A Tasmanian tiger, or thylacine, in captivity circa 1930.
A Tasmanian tiger, or thylacine, in captivity circa 1930.
Topical Press Agency/Hulton Archive/Getty Images

For 85 years, the last known footage of the now-extinct Tasmanian tiger sat forgotten in the National Film and Sound Archive of Australia (NFSA), until it was recently unearthed by researchers from a Facebook group called the Tasmanian Tiger Archive.

The NFSA’s newly digitized 21-second clip is part of a nine-minute travelogue called Tasmania the Wonderland from 1935, presumed to be the work of Brisbane filmmaker Sydney Cook (though the film is missing its credits, so that remains unconfirmed). It shows a striped, dog-like creature named Benjamin—the last of his kind ever in captivity—pacing his cage at Tasmania’s Beaumaris Zoo, which shut down in 1937.

Tasmanian tigers aren’t actually tigers—they’re carnivorous marsupials called thylacines. TreeHugger reports that the species died out in mainland Australia about 2000 years ago, but they managed to survive in Tasmania until the 20th century. Though thylacines were officially declared extinct after Benjamin died from suspected neglect in September 1936, the status has been highly contested to this day.

“Do I think the animal is extinct?” Neil Waters of the Thylacine Awareness Group of Australia told HowStuffWorks. “No, because I have seen two and been coughed/barked at by one in South Australia in 2018. There have been more than 7000 documented sightings of thylacines (or animals that appear to be thylacines), with the majority of those sightings on mainland Australia.”

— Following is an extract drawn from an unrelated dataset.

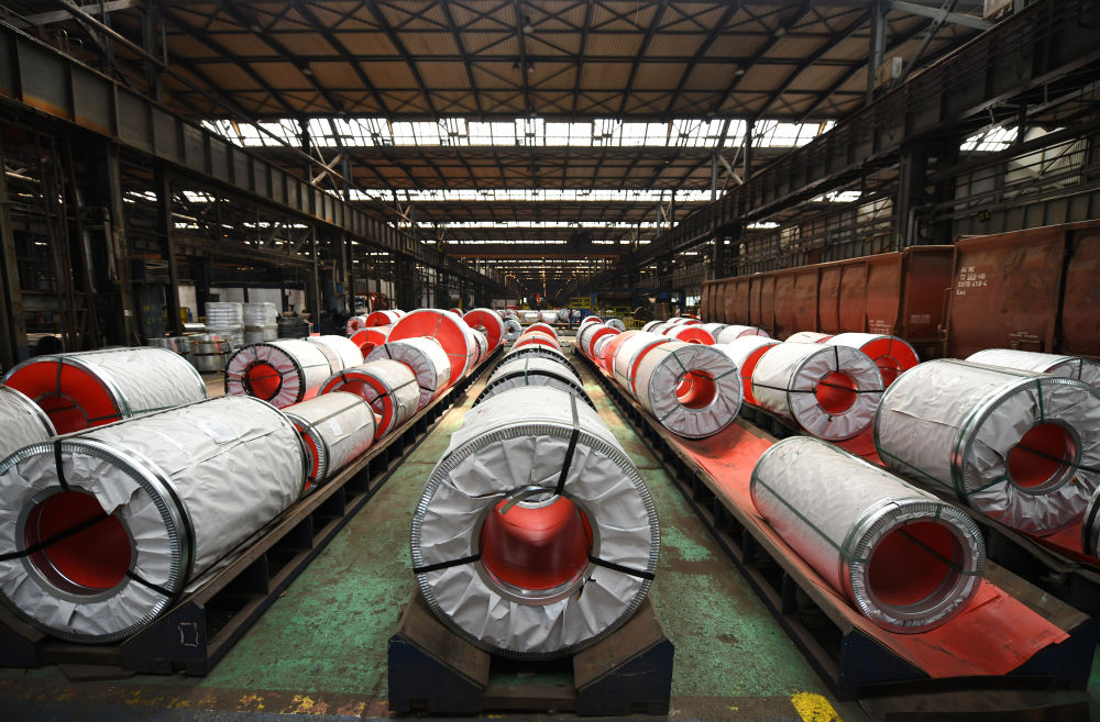 这是2023年5月5日在河钢集团塞尔维亚斯梅代雷沃钢厂拍摄的成品钢卷

Considering that fewer than a dozen known clips—a total of just over three minutes—of film footage showing thylacines exist today, Benjamin’s 21 seconds of fame in Tasmania the Wonderland is a monumental rediscovery. And, since thylacines were exhibited in zoos in Washington, New York, Sydney, Berlin, and other cities after the advent of film, the NFSA is optimistic that more footage could turn up in time.